The following appeared in the April, 1992 Mid-South Astronomical Research Society MARS Chronicle
 
Better in the Pictures

By John Reed

I was in K-Mart one day about a month ago shopping with my family.  We happened by the toy aisle and my two boys immediately began chorusing that they wanted to spend their allowance money.  Mom and I assented and they were soon poring over racks of action figures.

While they were looking, I studied the cards these little men came in and noticed that some of them were very unusual.  GI Joe’s are now a small vestige of what they once were.  I wonder how many remember the much larger ones that used to be sold years ago.  Those were real army men with a hundred movable joints...I digress.

I also noticed the pictures on the cards were usually more interesting than the doll itself.  The drawing's face had character: clenched teeth, furrowed brows.  The doll itself was nothing but painted plastic!

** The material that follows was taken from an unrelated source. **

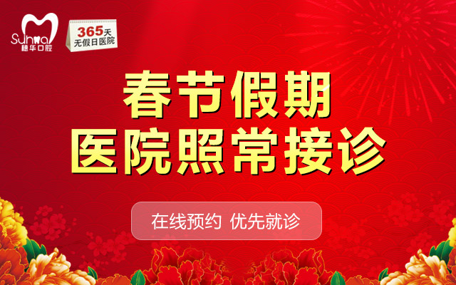 穗华口腔医院已实行全年365天无假日”医疗政策,春节期间(2017年1月27日~2月2日),穗华口腔医院照常接诊,各个科室均有医护人员坚守岗位,确保节假日绿色通道的畅通,方便市民春节期间就诊,为口腔患者提供贴心的服务。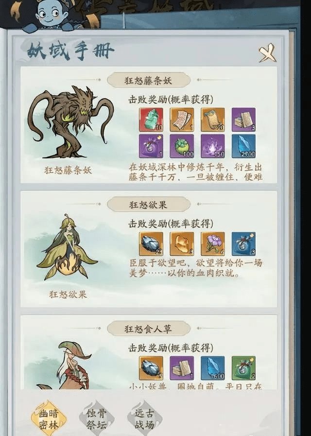 二、妖域一共有三层,每天可以免费领取30点体力了,体力每15分钟恢复1点,探索一,二,三层一次分别需要消耗1,2,3点体力,开局在进入第一层,当探索击杀指定数量妖兽或者消耗2个青冥石可以通过右上角的地图去往下一层,第一层击败两个藤条妖可去往第二层,第二层击败两个盘龙钟可去往进入第三层,探索击败不同妖兽或者或者遇到神秘洞穴,都可获得各种奖励,御灵石,塑魂花还有增加在这个活动中的属性的妖丹,去往第三层可以获得冰魄,同时也会碰到别的玩家,击败别的玩家或者被击败会得到和丢失冰魄,碰到打不过的妖兽和玩家可以标记让队友协助攻击。

This reminded me of something I read one time about first time observers who had seen exquisite color photographs.  When they finally looked through an actual telescope at the genuine article the comment was usually "Huh."

My own experience bears this out to some extent.  If I show them the moon they are astonished and can't believe that they can actually see craters.  Saturn is also a show stopper.  I have even had one 10 year old boy claim that the planet was some kind of fake, that you really couldn't see it like that.  Nevertheless, if I show them a deep sky object they usually tell me that nothing is in the eyepiece.  I look and there's the Dumbbell centered in the field.

If I take out a book with color time exposures made by the largest telescopes in the world and show them to the neophyte, they reply "Wow!  Lets see that in the telescope".  Now they don't mean that object, but that exact view, vibrant colors and all.

What is the solution?  I would say never show someone deep sky first, make it a planet or the moon.  As much as I hate to say it; beginners just can't appreciate what they are seeing.  It takes years to learn to really see deep sky.  If they are shown a more spectacular view first they will remember it and, perhaps, move beyond the armchair with its colorful pictures to a more serious pursuit of amateur astronomy.  If not at least they will be left with a favorable impression of what amateur astronomy is all about.  Just ask my kids, the plastic action figure really is more fun than the picture!